Destination needs blob: [sha1-0010c726455975f0bd4cd7da20b9defc73932dd7; 740 bytes]
...
Error: sync all failed: 2 errors during sync


Over in the window running camlistored, I get:

./camlistored
...
...
...
2016/10/07 05:47:34 error fetching public key blob sha1-65682c91f928bcf81741ccc8ab4b0efac33a986e: blob was not fully indexed because of a missing dependency
...


At this point, I stopped my home camlistore server, copied the leveldb directory and blobs onto the VPS, pointed the VPS instance of camlistore at the copy and restarted it.

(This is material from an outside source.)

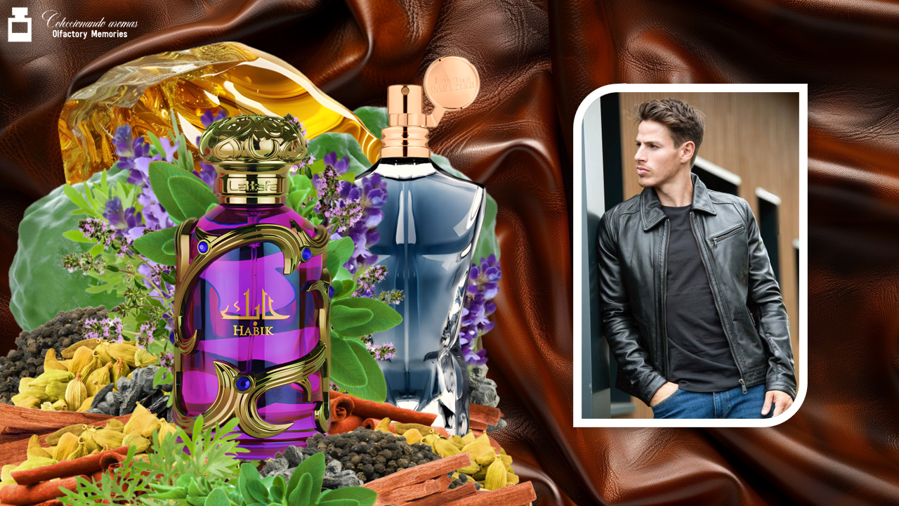 En el imaginario actual, este perfume se menciona con frecuencia junto a Le Male Essence de Parfum por su esqueleto de salida y corazón, hasta el punto de que en Fragrantica aparece explícitamente esa asociación. Pero el mérito de Habik está en cómo desplaza el final: en vez de rematar con el cuero y la vainilla característica del francés, conduce la historia hacia una base más amaderada, tonka y seca, con otra intención.

This resulted in a completely blank 'no results found' UI.

Running camtool sync --all again just gave me hundreds of pages of 'error fetching <sha>: file does not exist' and 'Destination needs blob: <sha>'.

I am running the latest release from github:
[ec2-user@ip-172-31-39-15 camlistore]$ ./camtool -version
./camtool version: 7b78c50007

Mathieu Lonjaret

unread,
Oct 7, 2016, 10:45:12 AM10/7/16
to camli...@googlegroups.com
On 7 October 2016 at 07:58, Daniel Heath <daniel....@gmail.com> wrote:
> I have a camlistore instance at home which syncs to an s3 target for
> backups.
>
> I decided to try out the backups and make sure they still work.
>
> On a new VPS, I installed camlistore and setup the server config:
> {
> "listen": ":3179",
> "identity": "00ABA6E4",
> "identitySecretRing":
> "/home/ec2-user/.config/camlistore/identity-secring.gpg",
> "blobPath": "/home/ec2-user/var/camlistore/blobs",
> "packRelated": true,
> "levelDB": "/home/ec2-user/var/camlistore/index.leveldb",
> "auth": "<redacted>",
> "s3": "<redacted>",
> "dbNames": null
> }
>
> Then I ran:
>
> ./camtool sync --all

Let me make sure I understand the config above, regarding what you're
trying to do.
You start with an empty /home/ec2-user/var/camlistore/blobs , "s3" is
configured to where your backup blobs are, and you're expecting
camtool sync to fill "/home/ec2-user/var/camlistore/blobs" as a
destination, from s3 as the source, is that it?

> ...
> Destination needs blob: [sha1-000e795be15c30a04b8f51b8e92e62b8bd064e1d; 1424
> bytes]
> 2016/10/07 05:47:34 Upload of sha1-000e795be15c30a04b8f51b8e92e62b8bd064e1d
> to destination blobserver failed: Server didn't receive blob.
> Destination needs blob: [sha1-0010c726455975f0bd4cd7da20b9defc73932dd7; 740
> bytes]
> ...
> Error: sync all failed: 2 errors during sync

Just to be sure, have you checked that the problem isn't related to
https://github.com/camlistore/camlistore/issues/681 ? i.e. have you
tried setting "packRelated": false in the new VPS configuraton?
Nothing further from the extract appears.